Interested friends can download experience, start the Medis root directory server. Go after visit http://localhost:1558/sequence can get a globally unique ID.

Highly available architecture and distributed performance

Distributed CAPS (consistency, availability, partition fault tolerance) are a foregone conclusion, and such services typically pursue an availability architecture (AP). Since prestorage and prefetch are used in the design, and the overall order should be kept increasing, so it is preferred to provide access on a single machine, that is, the upper limit of performance in distributed architecture is that of the single machine that provides services.

Do you want to implement distributed multi-machine service delivery?

Such a requirement would change Medis’s logic as well as the composition of the applications. If you want to implement distributed multi-machine simultaneous service, you have to scrap the Redis and Channel prefetch mechanism, and then abandon the Channel in favor of real-time generation, so that multiple servers can be used at the same time, but the performance bottleneck is shifted to KV storage (in this case Redis). The performance is equivalent to that of a stand-alone Redis. You can use ETCD or Zookeeper to implement multiple KV, but isn’t that back to CAP origin?

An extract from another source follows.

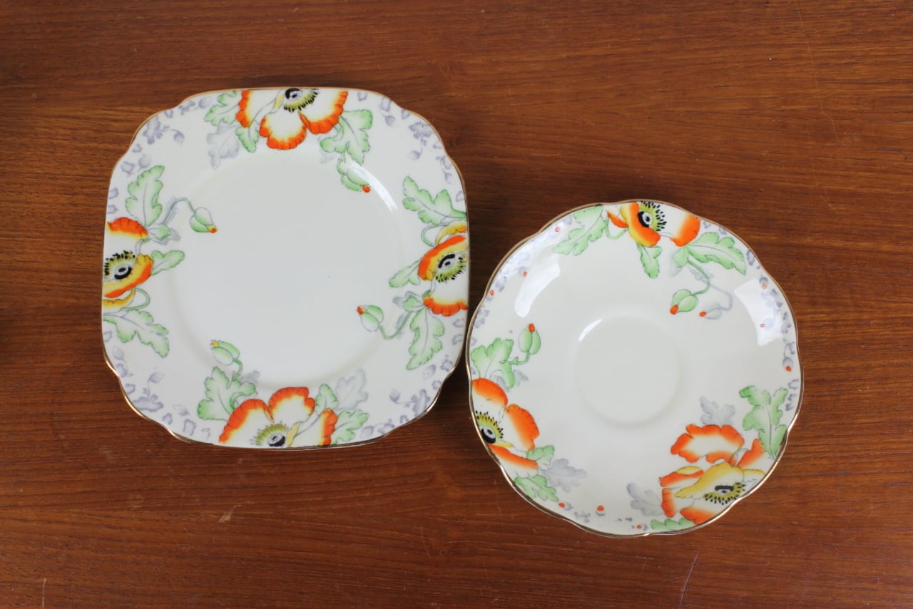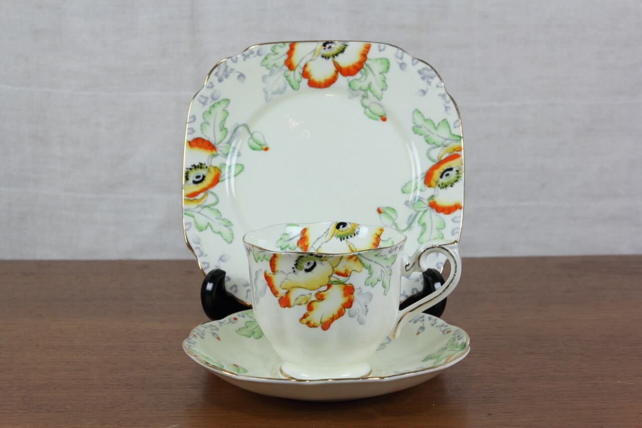 ロイヤルアルバート ポピー トリオ ティーカップ ケーキ皿 イギリス ROYAL ALBERT ヴィンテージ 花柄 プレート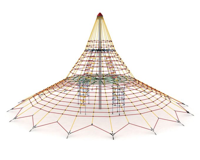 - Ausstattung: Großes Kletternetz in Pyramidenform, zusätzliche Strickleitern

As for how to choose, you can discuss with the architecture based on actual service scenarios and requirements and choose a suitable solution for deployment.

After seeing Mist and Medis, I’m sure you’ll come up with other ingenious ideas. Please leave them in the comments and we’ll share our progress!

Nightnight was founded in 2019, The team consists of cui qingcai (jingmi), zhou ziqi (Loco), Chen xiangan (CXA), tang yifei (big fish | BruceDone), feng wei (wei wei), CAI jin (owner of yuelai inn), dai huangjin (xianyu), zhang yeqing (MarvinZ), wei shidong (Asyncins | quinn) and wen anzhe (sml2h3).

My programming languages include but are not limited to Python, Rust, C++, Go, covering crawler, deep learning, service development, reverse engineering, software security, etc. The team is neither good nor evil. We only do what we think is right. Please be careful.